Jérémy De Magalhaes

Personal information
- Full name: Jérémy De Magalhaes
- Date of birth: 21 November 1983 (age 41)
- Place of birth: Ivry-sur-Seine, France
- Height: 1.84 m (6 ft 1⁄2 in)
- Position(s): Defender

Senior career*
- Years: Team / Apps / (Gls)
- 2001–2007: Laval B / 71 / (4)
- 2002–2007: Laval / 76 / (1)
- 2007–2008: Cannes / 22 / (0)
- 2008–2009: Barnet / 4 / (0)
- 2009: L'Entente SSG
- 2010–2011: Cannes / 17 / (0)
- 2011–2012: Martigues / 23 / (1)
- 2012–2014: Hyères / 54 / (1)

= Jérémy De Magalhaes =

French footballer (born 1983)

Jérémy De Magalhaes (born 21 November 1983 in Ivry-sur-Seine, Val-de-Marne) is a French footballer. He has played football in the second and third divisions in France for Stade Lavallois and AS Cannes.
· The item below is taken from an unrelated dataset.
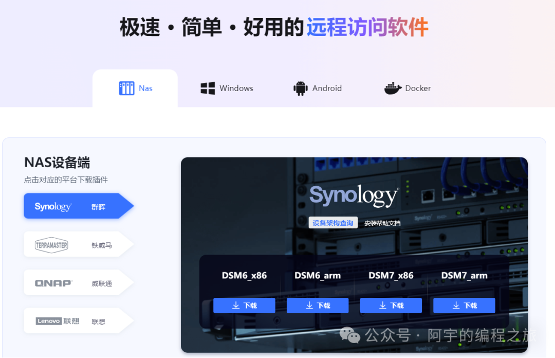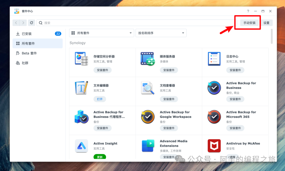 - 在同一个下载页面下载群晖NAS套件-手动安装至群晖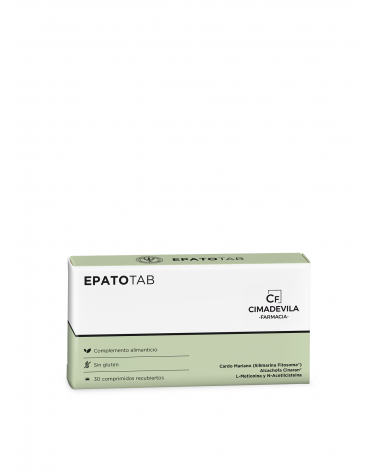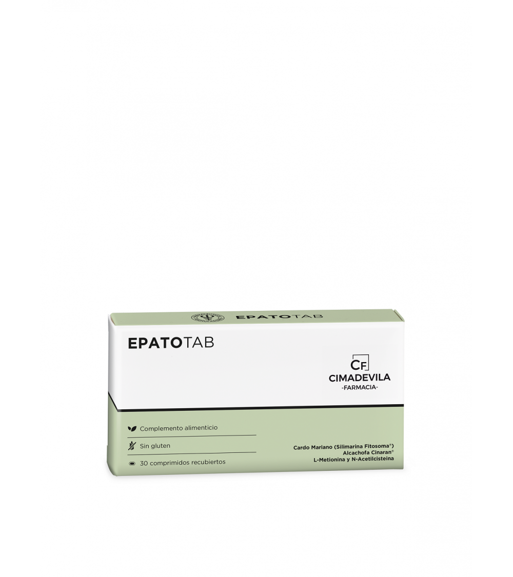 Cimadevila Epatotab detox hígado es un complemento alimenticio a base de  Alcachofa, Cardo mariano, N-acetilisteína y L-metionina. Depura el organismo y ayuda al correcto funcionamiento del hígado haciendo un detox además de tener una notable actividad antioxidante. Está especialmente indicado en personas que utilizan con frecuencia medicamentos, que tienen dificultades digestivas o que están en contacto con polución urbana y contaminación.

He went on trial at Barnet in July 2008 and initially rejected an offer of a contract but returned to the Bees in August to sign with the club. However, he had problems of injury, only making four appearances, and his persistent injury led him to be released before the end of the season in April. In July 2010, he returned to AS Cannes. After a one-year stint at Cannes, he signed with FC Martigues in the Championnat National in July 2011. In July 2012, he joined amateur club Hyères FC.